# .17 HMR Coyote Hunting Results



## utahheadgear

After reading the other current thread about the .17 HMR and coyote hunting it seems to me that most of the posts were based on opinion and not on actual in the field results. Has anyone atually shot a coyote with a .17 and if so what where the results?

I recently bought a Marlin 917VS an although I didn't buy it specifically to hunt coyotes, I have been very impressed with it's performance. It is deadly accurate and I think that it should pack enough killing power for a coyote out to $1.50 or so it shot placement is precise, but I have yet to test my theory.
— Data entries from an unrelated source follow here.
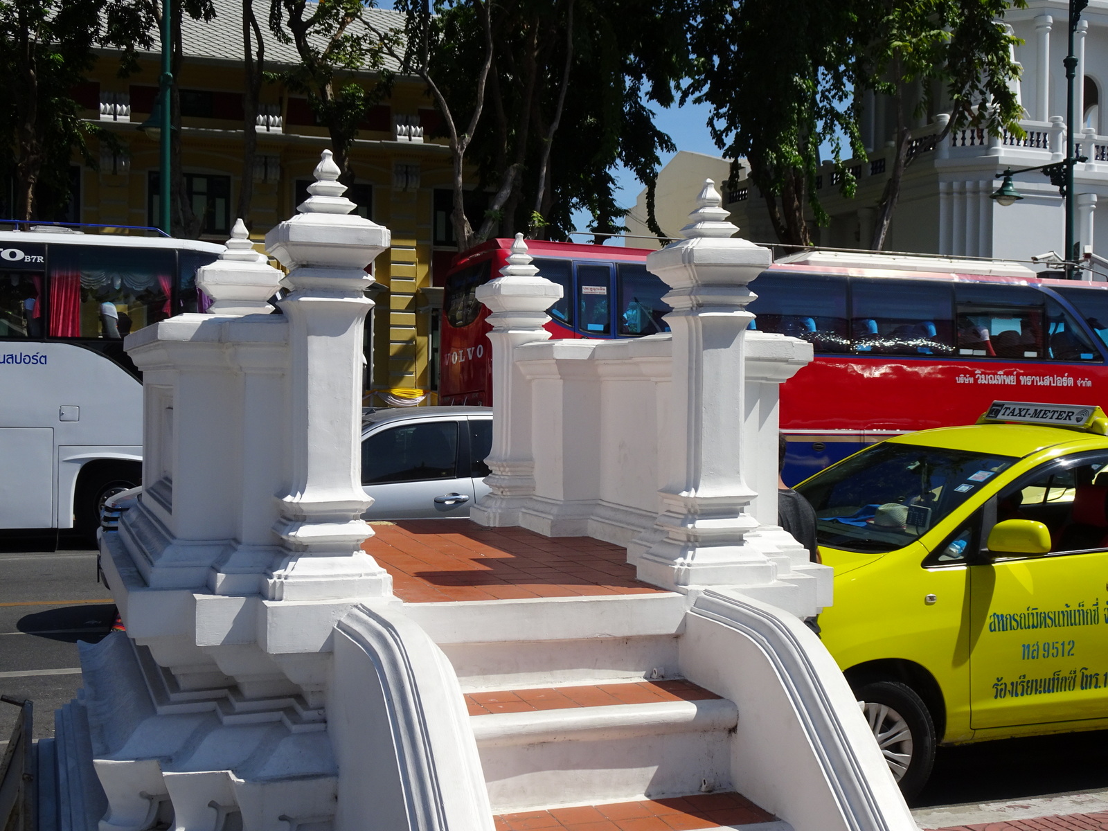 Den Umständen entsprechend zügig, geht es jetzt zum Grand Palace, dem Königspalst. Einfache Erklärung für dieses vergleichsweise flotte Fortkommen: Kein Bus verstopft mehr die Straßen, denn wohl sämtliche Ausflugsbusse der Umgebung stehen zu dieser vorgerückten Stunde schon hier auf dem Parkplatz. Die Insassen sind schon mal reingegangen, in den Grand Palace.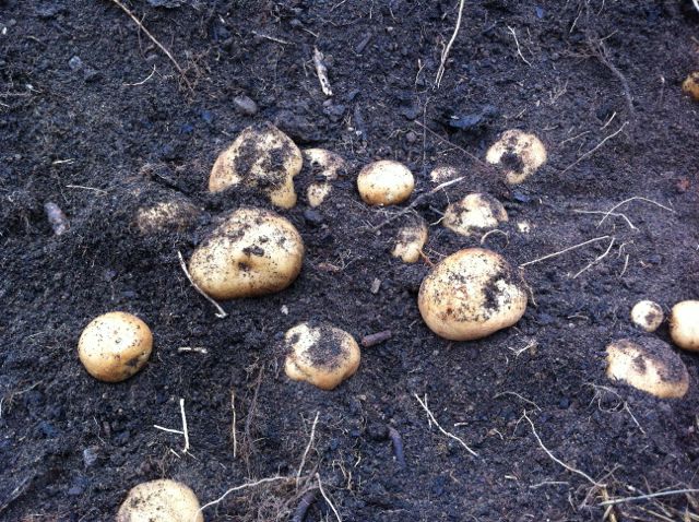 Så var det potatisen. Det finns tydligen en tradition i Sydamerika, att potatis ska sättas vid fullmåne. Hade ingen aning! Det måste vi prova! Det är ju nu så då viger vi dagen till de. Den här jordplättar förberedde Ganga i höstas. Täckt med kartong och hö. Nu var det bara att avtäcka och göra en enkel grävning. Potatis satt vid fullmåne stimuleras mer att sätta potatis, var tesen. Potatisen hade i alla fall legat och längtat länge på att komma i jorden. Hade blivit lite skrumpen, men det blir bra det med! Heja månpotatisen!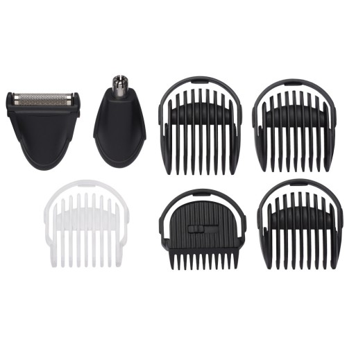 інструкція; тример; насадка для носа та вух; насадка для тіла; насадка для гоління; комплект насадок для стриження 5 шт.; олива для змащування; щітка для чищення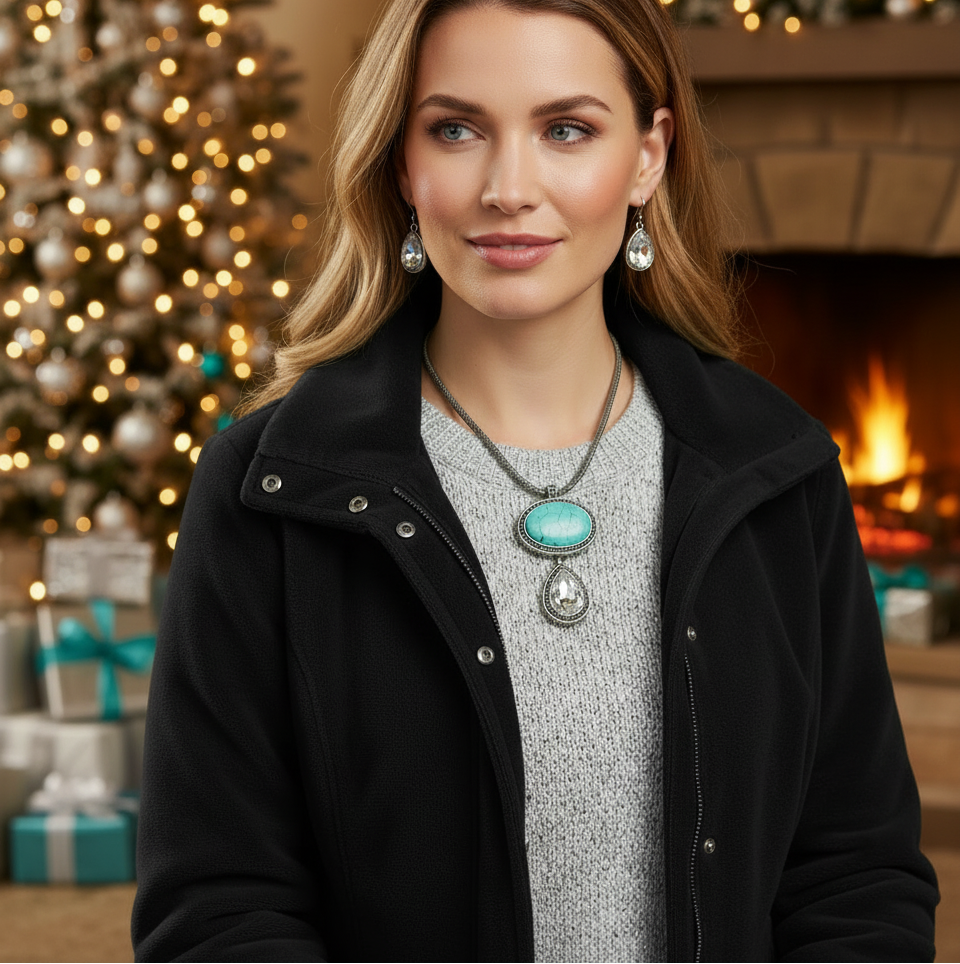 This beautiful necklace set boasts a large pendant of imitation turquoise and a teardrop pendant of rhinestone. It's a must-have addition to any outfit, ensuring you shine on special occasions. Whether you're attending a wedding or enjoying a casual lunch, this piece is sure to attract attention and spark conversations. Treat yourself or surprise a loved one with this eye-catching gift that truly makes a statement. You deserve it! The set comes packaged in a gift box for your convenience. Color: antique silver, turquoise, and clear. approx. 18" - 21" long, approx. Pendant 3.7" long.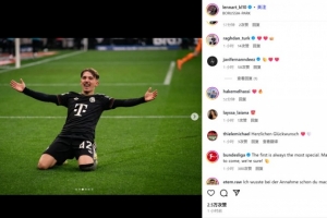 德甲官方賬號也現身評論區鼓勵道:“處子球總是很特別!相信你未來還能進更多球。”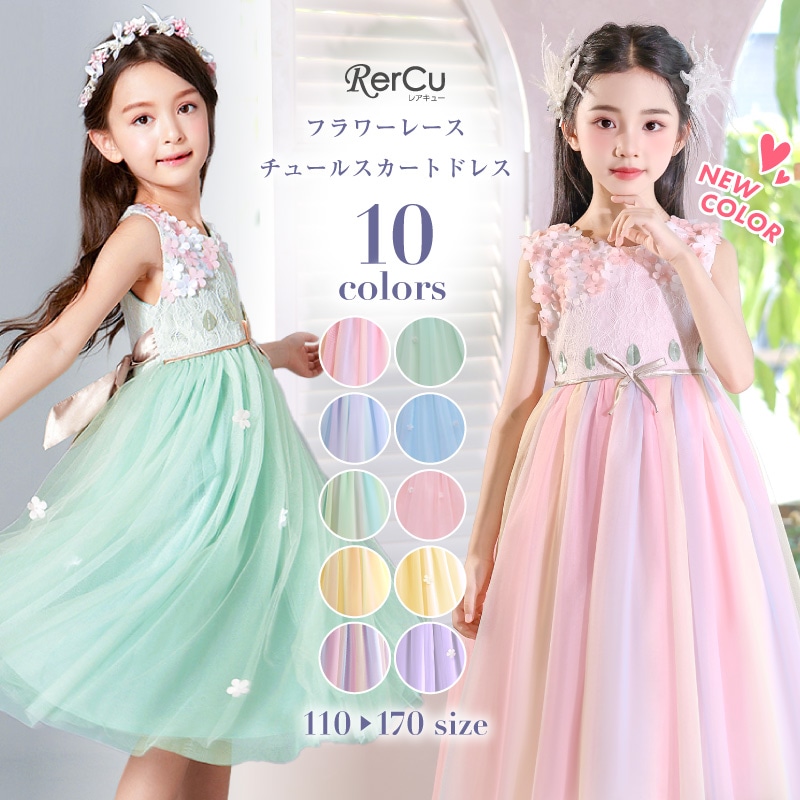 RerCu 子供 ドレス 発表会 チュール フラワー レース ロング ショート 100-160cm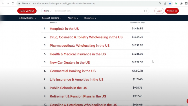 When actually, according to IbisWorld, the biggest industries globally are telecommunications, energy, insurance. real estate, automotive, banking, healthcare, hospitals, pharmaceuticals, as well as schools and universities.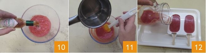 Fügen Sie auch den Tabasco 10 und 50 g des zuvor zubereiteten Sirups in einem dünnen Strahl hinzu 11, während Sie ständig rühren. Zur Vereinfachung gießen Sie die Mischung in einen kleinen Krug und verteilen Sie sie auf 2 Eislutscherformen mit einem Fassungsvermögen von 70 cl, in die Sie zuvor die passenden Stäbchen eingesetzt haben 12.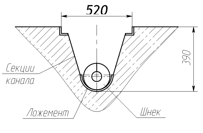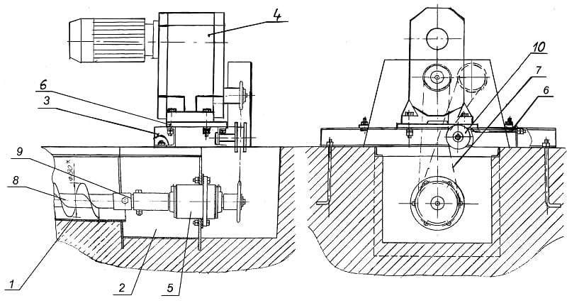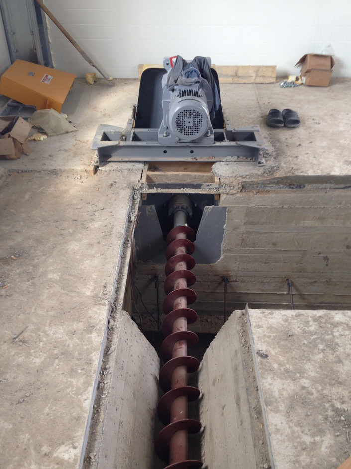 Транспортёр шнековый горизонтальный устанавливается в специальных каналах, выполненных из бетона, дно которых выполнено из металлической полутрубы по всей длине канала. Глубина канала 0,4 м ниже уровня пола.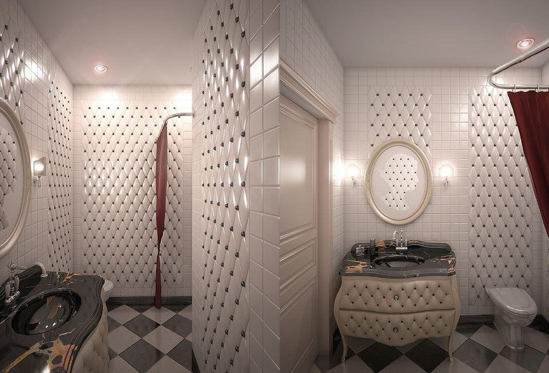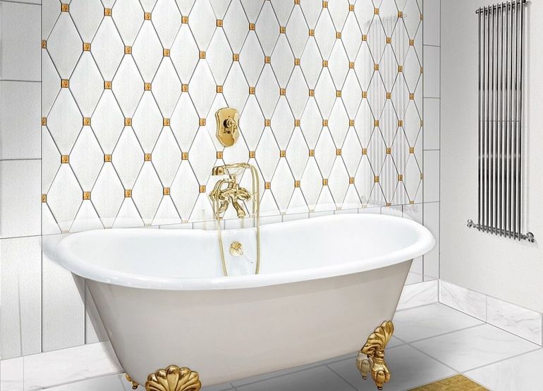 Дествительно модная плитка в ванную, да и на фартук кухни сейчас не кабанчик, а белая выпуклая плитка ромбом с золотыми или серебрянными вставками коллекция ЗИН СУ. Посмотрите фото ванной плитка ромб, Она выглядит просто!!!- Как? - Каждый длясебя продолжит!!!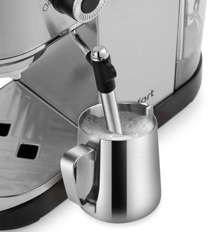 Нарочито практичная конструкция с металлическим резервуаром и пластиковой отделкой облегчает уход и сохраняет аккуратный вид при регулярной эксплуатации. Набор функций сосредоточен на ключевых задачах — стабильная экстракция, подача пара для вспенивания молока и приготовление двух порций одновременно.

I think this gun was underestimated in the previous post, and I'm going to give it a try on yotes and see for myself. I will be shooting the Hornady XTP 20 gr. bullets for better penetration and controlled expansion. It is being advertised as a hunting bullet and it should be better than the very fragile VMAX.


----------



## i_love_177

no body has had any expierence shooting coyotes with a 17 cal is becasue there not dumb enough its like going and sufficating ur self stupid dumb idea u should move up to a 22 mag or a 223 would be best and if long long range is requered show them whos boss with a 22-250 dont shoot them with a 17 thats just stupid


----------



## go4thegusto

Sorry no coyote, but I did sit by a breath hole last winter and shoot 2 big beavers with my 17. Shot them in the head at 30 yards. Completely lambbasted the suckers. They couldn't even try and make the hole. That was with the 17 grain fragmenting loads. I just switched to the new 20 grain XTP hunting loads which mushroom. 3/4 inch groups at 100 yards with these. Out to 100 yards or so with a head or double lung shot and the coyotes are in trouble. Don't listen to the "Ultra-mag" advise but be selective on your shots.


----------



## i_love_177

alright lets say u do hit it at close range what do u think is going to happen its going to die? no its going to attack your A$$ thats whats going to happen if ur hit ur going to be very furosios it would be so quik u wouldnt even know what hit u the 17 simply does not have enough power


----------



## utahheadgear

Hey Love,

Who was it that you said was stupid? Before you are so quick to point your finger you might want to check the grammar and spelling of your post. And by the way, we'll see who's stupid after I stack up a few yotes with my little .17 cal.

Gusto,

Thanks for the reply, sounds like that gun is hell on a beaver. Watch out for coyotes though, according to Love they might get mad after you shoot them and "Attack your a$$". HA! I don't know about you, but I'm scared!


----------



## mr.trooper

:shake:.....Read my signiture, go look in the mirror, and reapeat Those words.


----------



## i_love_177

mr trooper hopefully he does shoot one cause then there would be one less idiot in the world lol


----------



## utahheadgear

There you go again Love, calling names. uke:

Look, you can think what ever you want about the .17 HMR on coyotes. If you don't think it will work, that's fine. I don't know if it will either (which is why I started this thread) but don't call me, or anyone else stupid for asking a very ligitimate question. You're are the one that will end up looking stupid. :withstupid:

This thread is asking for those that have shot a coyote with a .17 HMR to sound off on what results they've had. Good or bad. You, Love, haven't shot one with that gun so thanks for playing.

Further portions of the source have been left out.